HEALTH NEWS

Study Title:

Toxin Responsible for MRSA Severity

Study Abstract

Staphylococcus aureus is a prominent human pathogen and leading cause of bacterial infection in hospitals and the community. Community-associated methicillin-resistant S. aureus (CA-MRSA) strains such as USA300 are highly virulent and, unlike hospital strains, often cause disease in otherwise healthy individuals. The enhanced virulence of CA-MRSA is based in part on increased ability to produce high levels of secreted molecules that facilitate evasion of the innate immune response. Although progress has been made, the factors that contribute to CA-MRSA virulence are incompletely defined. We analyzed the cell surface proteome (surfome) of USA300 strain LAC to better understand extracellular factors that contribute to the enhanced virulence phenotype. A total of 113 identified proteins were associated with the surface of USA300 during the late-exponential phase of growth in vitro. Protein A was the most abundant surface molecule of USA300, as indicated by combined Mascot score following analysis of peptides by tandem mass spectrometry. Unexpectedly, we identified a previously uncharacterized two-component leukotoxin–herein named LukS-H and LukF-G (LukGH)-as two of the most abundant surface-associated proteins of USA300. Rabbit antibody specific for LukG indicated it was also freely secreted by USA300 into culture media. We used wild-type and isogenic lukGH deletion strains of USA300 in combination with human PMN pore formation and lysis assays to identify this molecule as a leukotoxin. Moreover, LukGH synergized with PVL to enhance lysis of human PMNs in vitro, and contributed to lysis of PMNs after phagocytosis. We conclude LukGH is a novel two-component leukotoxin with cytolytic activity toward neutrophils, and thus potentially contributes to S. aureus virulence.

From press release:

A research project to identify all the surface proteins of USA300—the most common community-associated strain of the methicillin-resistant form of the bacterium Staphylococcus aureus (MRSA)—has resulted in the identification and isolation of a plentiful new toxin that laboratory studies indicate is a potent killer of human immune cells. Scientists at the National Institute of Allergy and Infectious Diseases, part of the National Institutes of Health, say the toxin could be a key factor in the severity of MRSA infections in otherwise healthy people.

The toxin, named LukGH, consists of two small proteins found on the surface of the bacteria and is secreted freely into the surrounding environment.

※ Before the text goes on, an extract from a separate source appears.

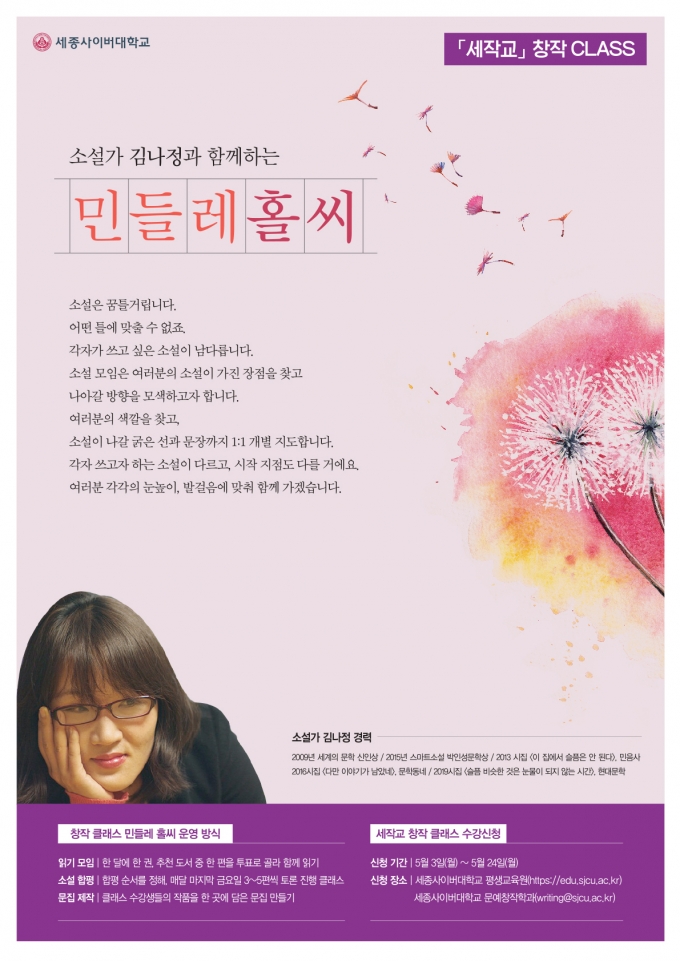 세종사이버대학교 문예창작학과가 오는 31일부터 13주 간 '세작교(세종사이버대 창작교실)' 온라인 창작 클래스 '소설가 김나정과 함께하는 민들레 홀씨'를 운영한다.

The scientists identified 113 proteins associated with the surface of USA300 and began to examine the role of the previously uncharacterized proteins. S. aureus surface proteins are key indicators of how the pathogen will respond to contact with immune system cells, such as neutrophils, which the body produces in large numbers to kill invading microbes. Some proteins can aggressively attack these immune cells, and the demise of the neutrophils ultimately enables the bacteria to replicate and thrive. When the LukGH toxin was removed from USA300, studies showed that the strain caused little to no damage to human neutrophils. With the toxin present, the bacteria began forming pores in neutrophils which eventually led to their destruction.

The scientists, including Frank DeLeo, Ph.D., Chief of the Laboratory of Human Bacterial Pathogenesis, say they do not know the full contribution of LukGH to the severity of MRSA infection. However, LukGH is the only MRSA toxin currently known to promote destruction of human neutrophils after the bacteria have been ingested by the immune cells designed to destroy them.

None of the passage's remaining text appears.